When the Scholar Becomes Invisible

Sep 6, 2025Higher Education Landscape, Researcher

TL;DR: The modern university system rewards academic productivity over scholarly depth. The more time we devote to meaningful thinking, the more invisible we risk becoming. To preserve scholarship, we must find new ways, be it inside or outside the institution, to make space for care, reflection, and slow ideas.

 

It’s hard to be an academic right now. But it feels almost impossible to be a scholar. And while the difference between the two might seem subtle, it’s everything. The academic is rewarded whereas the scholar is overlooked.

Academics perform knowledge. Scholars pursue it. One chases metrics, the other meaning. One is paid to write, the other writes to understand. And increasingly, one is visible. The other is invisible.

What gets rewarded isn’t what matters most

Both roles have always coexisted and lived in relative harmony, though it’s become a lot shaky in recent decades. There was room for slow thinking, for publishing when you had something worth saying, and not because it was expected or due. The scholar had a place in the university.

Now, productivity has swallowed purpose and performance has replaced pursuit. I’ve felt this most acutely when comparing two papers I published last year: one in an unranked journal about Wellbeing and Life Design, the other in a prestigious Q1 journal about something I can’t even remember now. Obviously the Q1 article brought praise and celebrations of professional recognition. But the Wellbeing one? That’s the one I’m proud of. It’s the piece that advanced my thinking, made me felt proud as a researcher, and still resonates. And yet, in the eyes of my institution, it barely registered.

I’m not bitter about it. I’m just awake to this landscape I’m operating in.

I see that what gets rewarded isn’t thoughtful work, or even impactful work. It’s just productive work. At my university, a colleague was recently given a publication award. Not for influence or reach of the journal articles, but for volume. Their work had few citations, and most were actually self-citations. But that didn’t matter. They produced and overdelivered on their expectations. And the university system applauded.

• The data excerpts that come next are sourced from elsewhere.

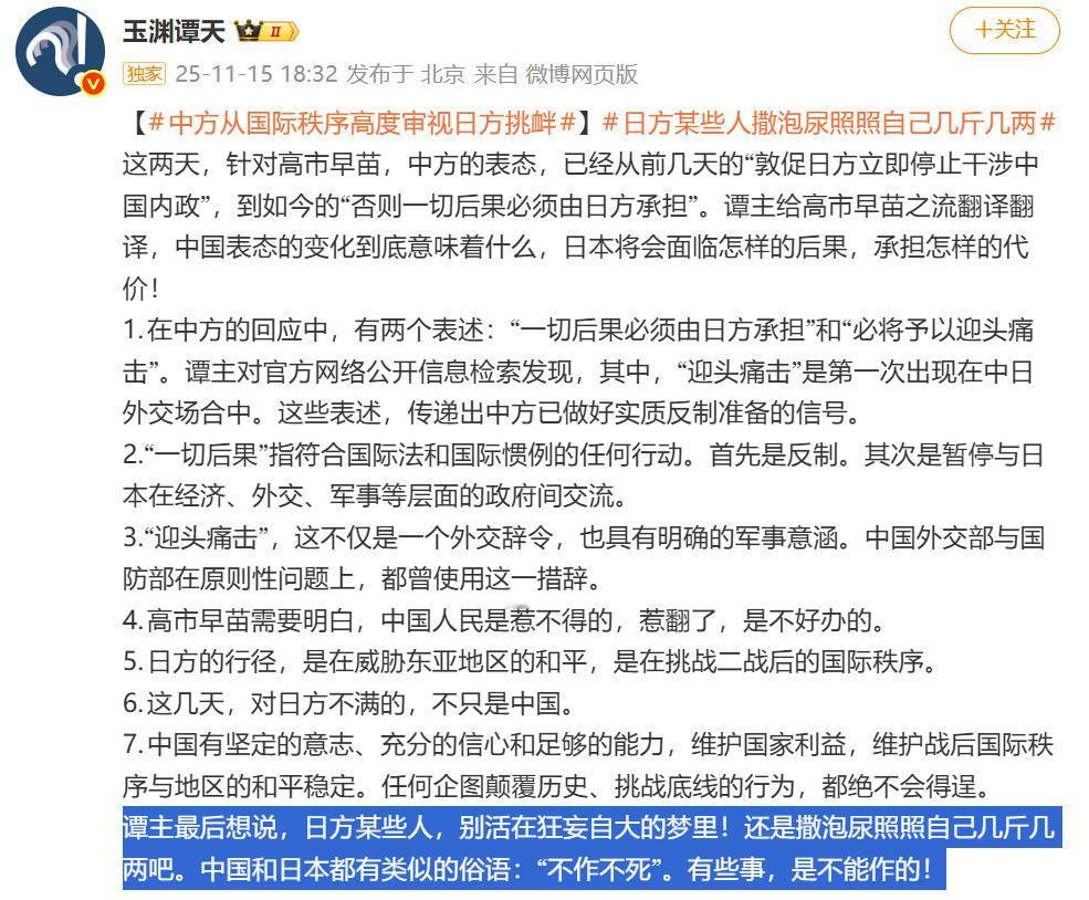 大国雅言持续输出,面对日本高官的挑衅,央视旗下账号“玉渊谭天”发文称:日方某些人撒泡尿照照自己几斤几两……
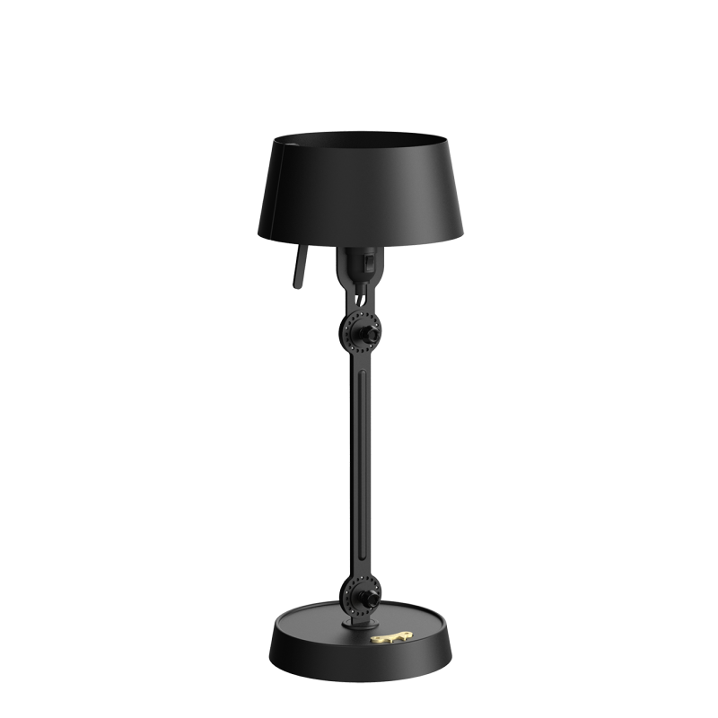 The Tonone Bolt Table Small is a design by Anton de Groof. The sturdy industrial lamp series BOLT is recognisable by functionality in shape, clean lines, and the iconic leading role of the wingnut. The Bolt series is available in 29 models. De Bolt Table Small is characterised by an adjustable powder-coated steel arm and an open shade made of powder-coated aluminium. The open shade ensures a nice distribution of light. The table lamp is adjustable in 2 places with the wingnut.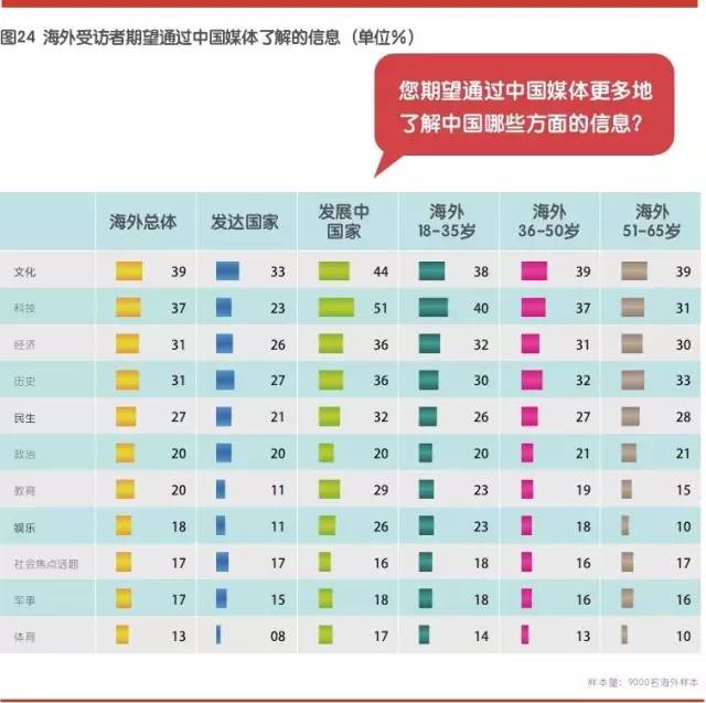 海外受访者最希望通过中国媒体来了解中国文化、科技领域的信息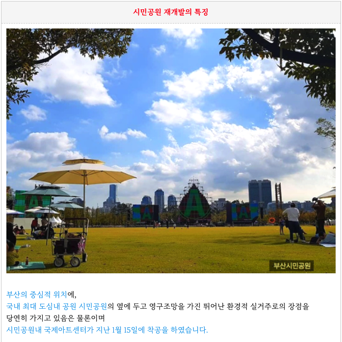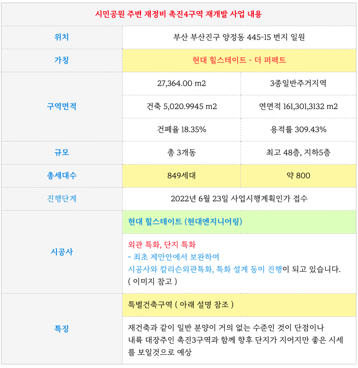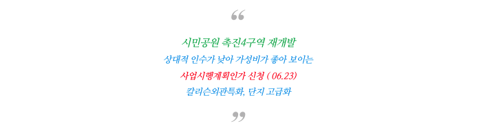 시민공원 촉진4구역의 특징 을 정리해 드립니다.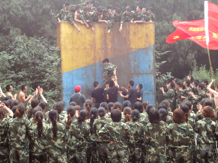 拓展訓(xùn)練中隊(duì)員勇攀畢業(yè)墻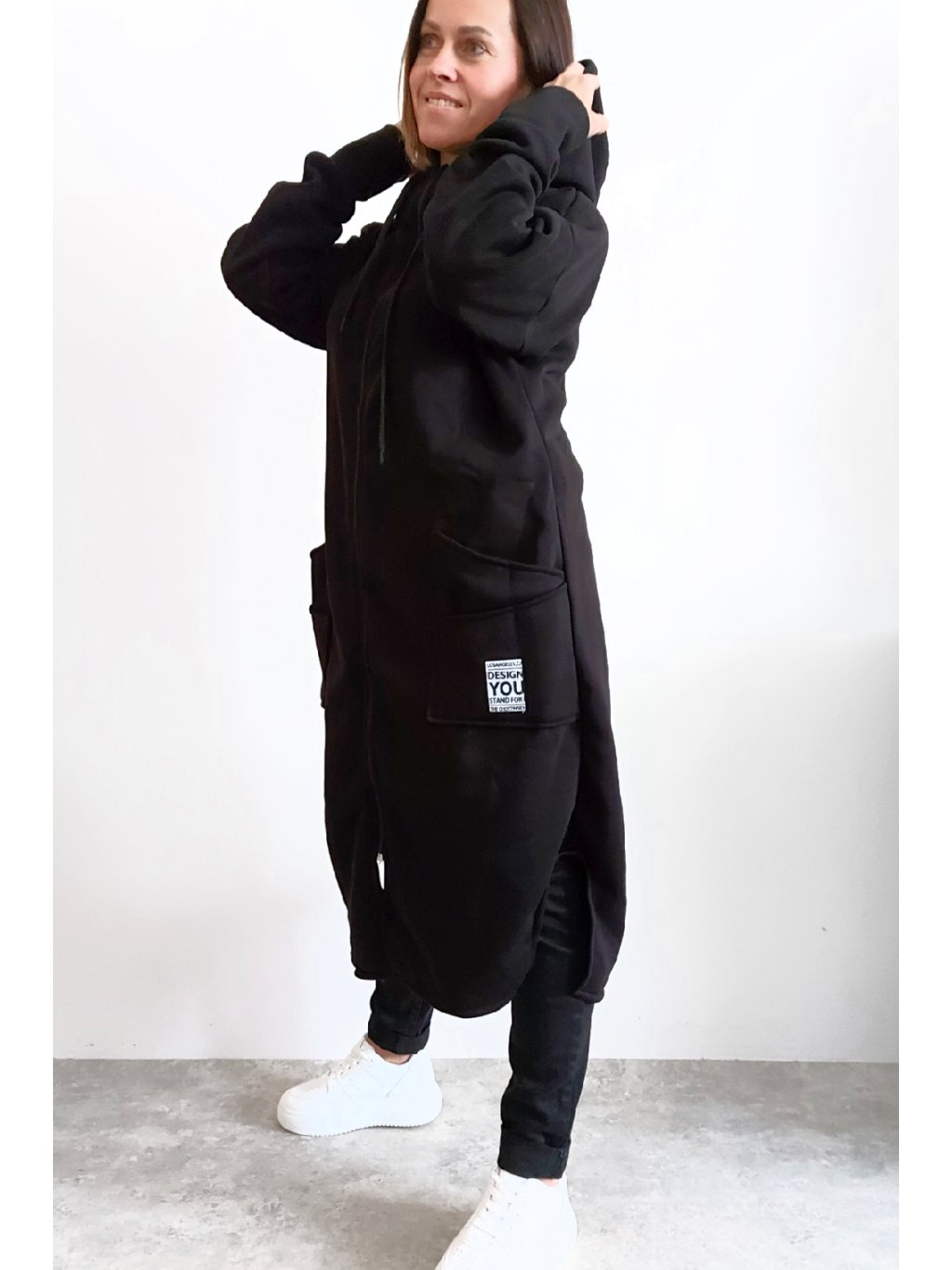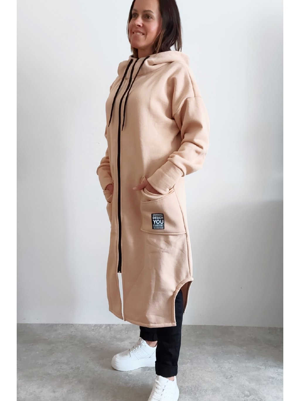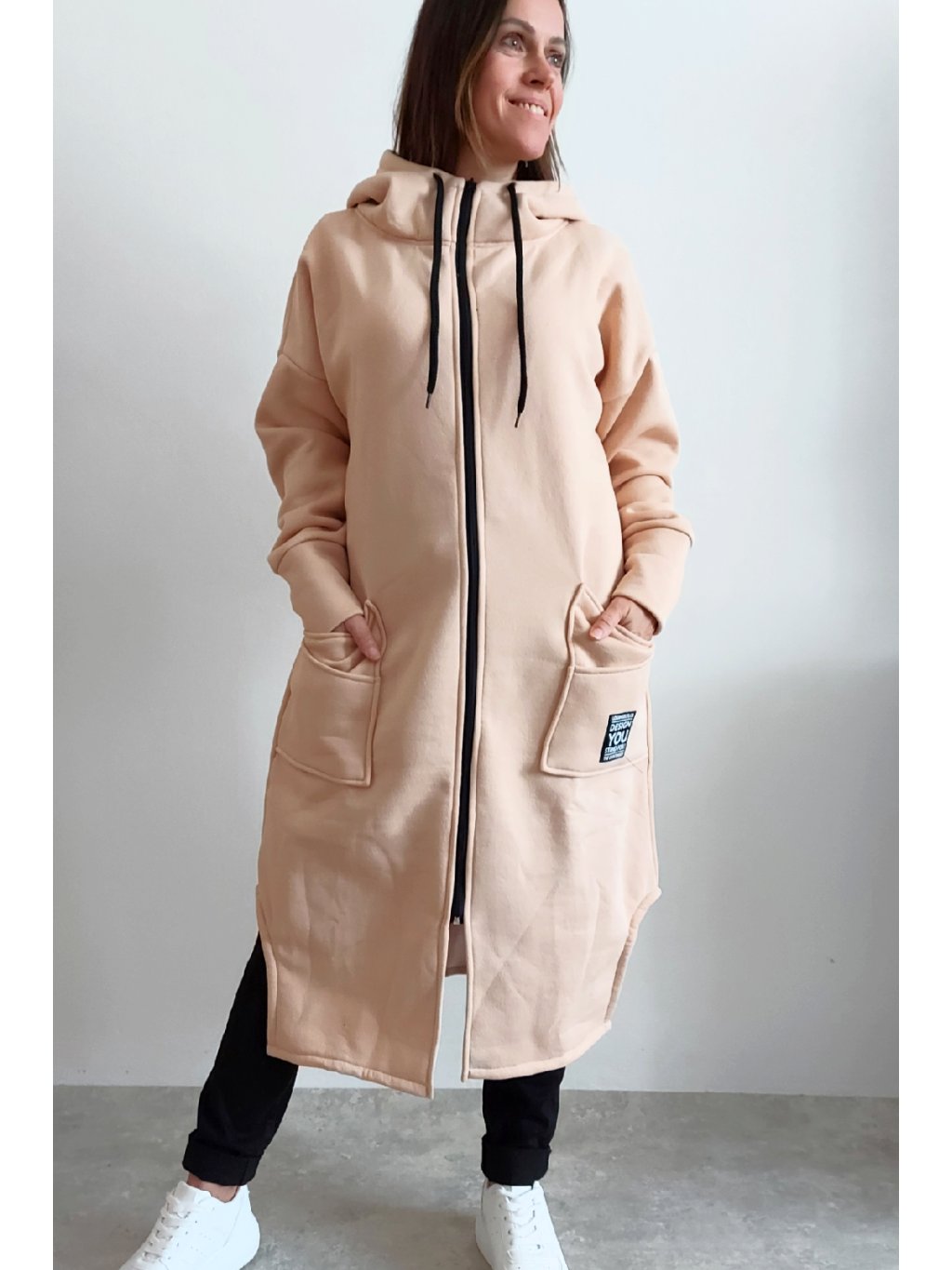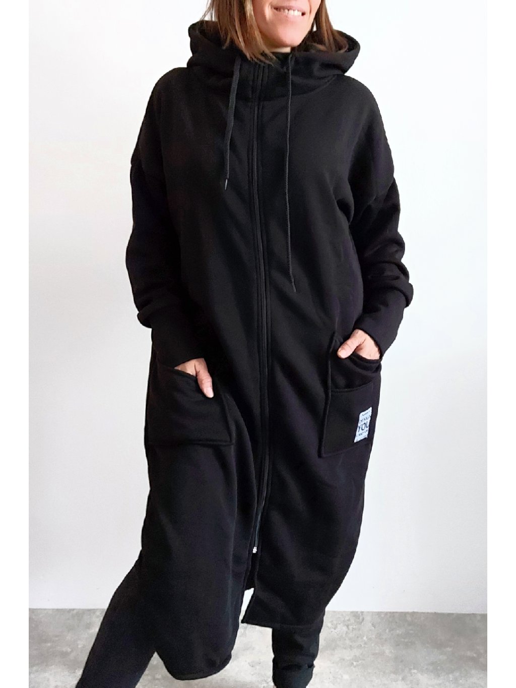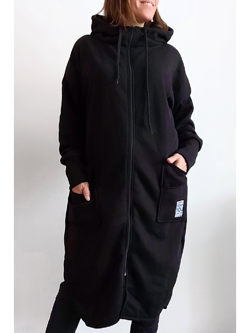 Mikinový kabát z úžasného, velmi kvalitního materiálu. Má kapuci, zapínání je na zip. Uvnitř zateplený kratším chloupkem - hřejivý. Rukávy dlouhé. Přední kapsy, na jedné z nich je ozdobná nášivka. Po bocích vykrojené. Vhodné i pro větší velikosti. Foceno na vel. XS, výška 156cm i na vel. 2XL (prsa 116cm, pas 110cm, boky 119cm), výška 165cm.

It’s a system that mistakes quantity for quality. Where articles are submitted not to spark ideas but to meet quotas. Where the value of writing is reduced to the journal rank it lands in, not the difference it makes. Where metrics dictate meaning.

I’ve written before about how academic publishing is losing its soul. But this post goes beyond publishing for it’s about identity.

The cost of being slow

The tension I have is this:

The more I try to honour the scholar in me, the more I risk underperforming as an academic. And that conflict is exhausting.

Slow scholarship takes time. It asks for stillness, for letting ideas brew, for writing that doesn’t begin with a publication target in mind. But taking that time means turning away from the performance of output. It means not chasing the citation game. It means risking invisibility in a system that rewards visibility.

And yet I’m not ready to give up on the scholar entirely. I don’t think I ever will.

If universities can’t fund the work of scholars, maybe scholars need to find other ways to fund themselves. I’ve noticed more academics building public profiles for independence. Launching their own courses. Starting YouTube channels. Creating podcasts. Not to become influencers, but to reclaim time. To create spaces where scholarship can breathe again.

Because let’s be honest, the modern university is no longer about nurturing scholars. It manages academics and incentivises performances. It evaluates us by outputs, not insights. Students are treated like customers. Engagement becomes a performance. And the pressure to make things palatable hollows out what makes education powerful.

In these conditions, it’s not just research that suffers. Teaching suffers too. When students disengage, we take it personally. When metrics fall short, we carry the blame. The pressure to perform is relentless and so is the erosion of care.

Is the university selling an image it no longer delivers?

But here’s the part I keep circling back to.

Most people who enter academia are drawn by the image of the scholar. The quiet thinker. The curious writer. The one who reads not to quote, but to understand. The one who stays up late with an idea, not a deadline. Truth bomb: That person is being edged out.

What we have now is a system that sells the image of the scholar, while demanding the output of the academic.

No one tells you that. You have to learn it yourself. The saddest part? Many early career academics only realise this after years of chasing a version of academia that no longer exists. And many senior academics refuse to admit that it’s gone.

So now what?

If there’s any hope, it’s in naming this reality. In saying it clearly:

Being a scholar and being an academic are not the same thing.

And pretending that they are, or that institutions will value both equally, is a kind of deception. It keeps people in systems that will never reward the kind of work they most want to do.

But maybe we can start somewhere smaller. With slow writing. With thinking that doesn’t begin with impact factors. With conversations that prioritise care. With carving out time to catch our breath.

The scholar is still here. But we have to make space for them again.

Hello! I'm Linus, an academic researching cognition, behaviour and technologies in design. I am currently writing about AI in Design, academia, and life.